(Beginning of Recorded information)
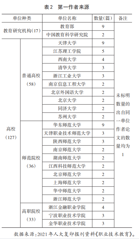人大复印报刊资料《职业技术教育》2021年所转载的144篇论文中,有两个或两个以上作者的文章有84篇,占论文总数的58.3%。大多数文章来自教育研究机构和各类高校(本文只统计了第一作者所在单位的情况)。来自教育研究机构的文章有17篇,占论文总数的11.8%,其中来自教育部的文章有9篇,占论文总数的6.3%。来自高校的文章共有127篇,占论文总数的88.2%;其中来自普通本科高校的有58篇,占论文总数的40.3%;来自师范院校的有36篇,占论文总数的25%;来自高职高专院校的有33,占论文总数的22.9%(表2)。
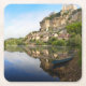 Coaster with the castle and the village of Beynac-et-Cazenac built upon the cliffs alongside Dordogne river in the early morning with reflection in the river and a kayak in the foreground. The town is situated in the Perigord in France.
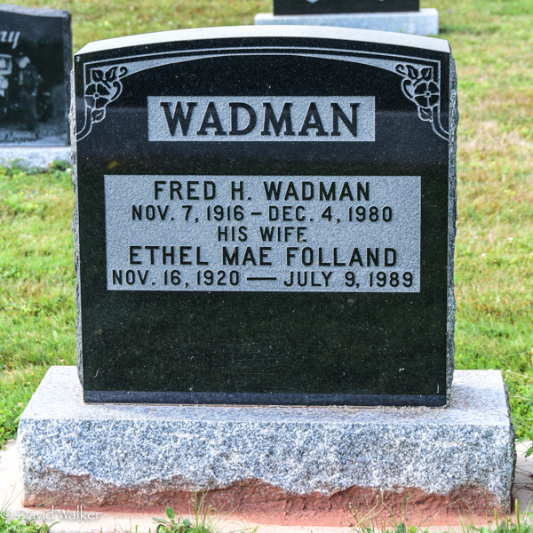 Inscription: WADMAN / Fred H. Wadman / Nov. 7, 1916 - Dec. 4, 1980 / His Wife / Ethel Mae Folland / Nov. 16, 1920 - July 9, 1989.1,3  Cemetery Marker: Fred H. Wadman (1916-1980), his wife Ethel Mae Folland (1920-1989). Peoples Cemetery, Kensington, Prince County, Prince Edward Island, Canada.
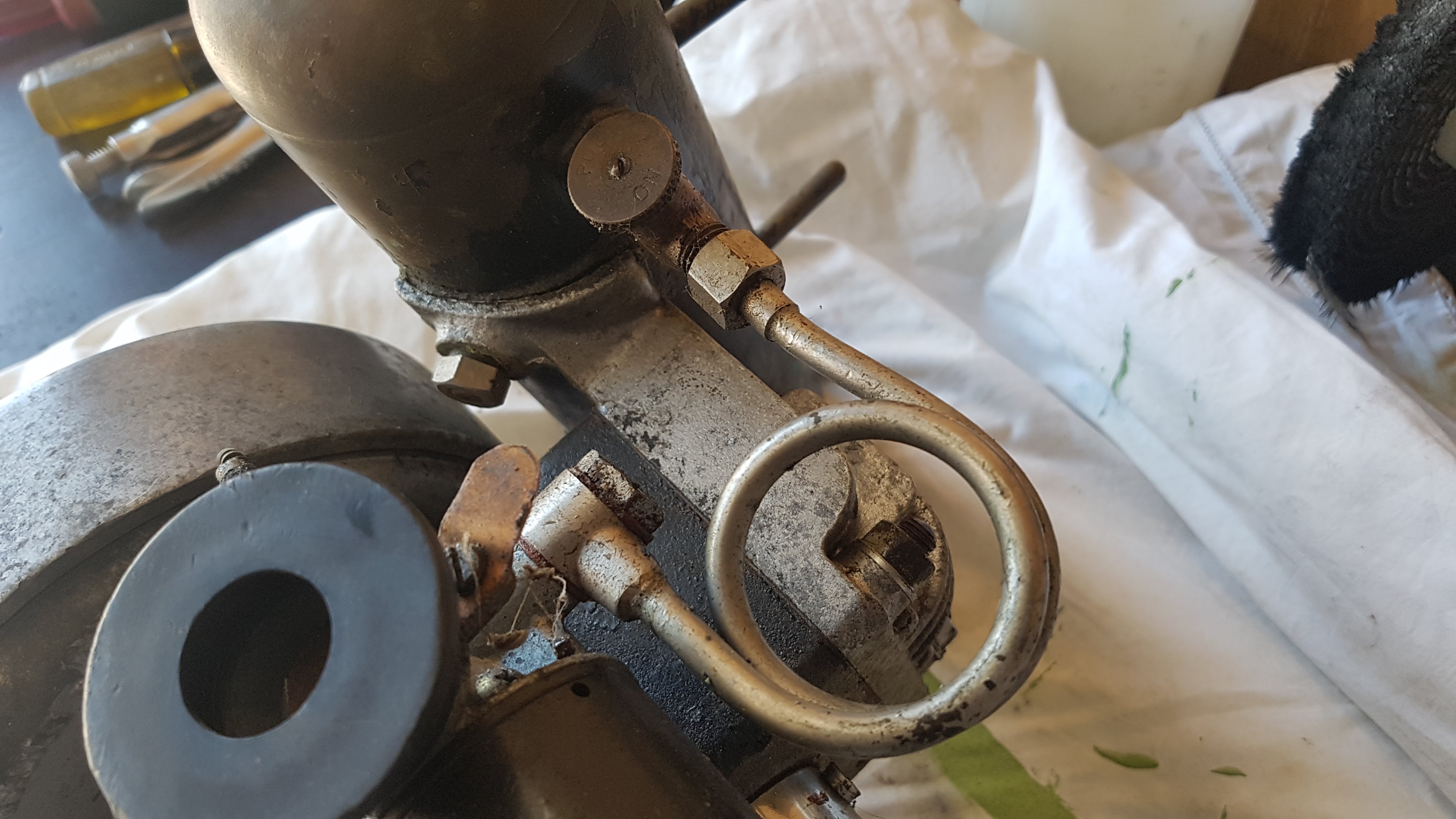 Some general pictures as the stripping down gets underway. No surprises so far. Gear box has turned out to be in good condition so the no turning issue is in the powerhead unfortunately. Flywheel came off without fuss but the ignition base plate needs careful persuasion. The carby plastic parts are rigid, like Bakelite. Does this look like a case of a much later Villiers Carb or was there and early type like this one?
(End of Recorded information)
» **Problem to work on**
In the copy, only the lines from the one holding "Coaster with the" through the end of the listing above should appear, retyped exactly, both ends included, with no pictures.

» **Task answer**
 Coaster with the castle and the village of Beynac-et-Cazenac built upon the cliffs alongside Dordogne river in the early morning with reflection in the river and a kayak in the foreground. The town is situated in the Perigord in France.
 Inscription: WADMAN / Fred H. Wadman / Nov. 7, 1916 - Dec. 4, 1980 / His Wife / Ethel Mae Folland / Nov. 16, 1920 - July 9, 1989.1,3  Cemetery Marker: Fred H. Wadman (1916-1980), his wife Ethel Mae Folland (1920-1989). Peoples Cemetery, Kensington, Prince County, Prince Edward Island, Canada.
 Some general pictures as the stripping down gets underway. No surprises so far. Gear box has turned out to be in good condition so the no turning issue is in the powerhead unfortunately. Flywheel came off without fuss but the ignition base plate needs careful persuasion. The carby plastic parts are rigid, like Bakelite. Does this look like a case of a much later Villiers Carb or was there and early type like this one?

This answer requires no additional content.